Another job indoors is to keep a record of what you planted and where each year. Involve young children by turning the chart into a colourful scrapbook format. Use cut-up seed packets which the children can stick into the book.

Children sunflower seeds

How to use old seeds

Seeds from the previous year should be stored in a dry, frost-free, cool environment out of direct light.  If storing in a shed, put the seeds in an old tin so that any visiting rodents can’t access them for their winter food!

If you have seeds stored from the previous year how can you tell if they will still grow when sown?

  1. Make a blanket of two or three paper towels, and spray with water to moisten it.
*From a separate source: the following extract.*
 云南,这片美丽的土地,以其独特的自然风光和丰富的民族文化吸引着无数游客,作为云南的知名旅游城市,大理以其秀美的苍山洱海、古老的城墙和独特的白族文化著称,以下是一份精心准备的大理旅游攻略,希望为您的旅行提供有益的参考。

Sprinkle 10 seeds or so on the towels, cover with more paper towels and spray again.
  2. Place the paper towels in a perforated plastic bag as this allows air to circulate.
  3. Put the bag in a dark place indoors for seven days checking regularly to make sure the towels haven’t dried out.  Spray with water if the paper towels start to look dry.
  4. After a week viable vegetable seeds will generally have started to germinate.  If most of the seeds placed in the paper towels germinate that gives a good indication that the rest of the seeds in the packet will also be viable.
Seeds on paper towel

By doing these jobs in early spring whilst the weather is still unreliable, you can be better prepared for later on.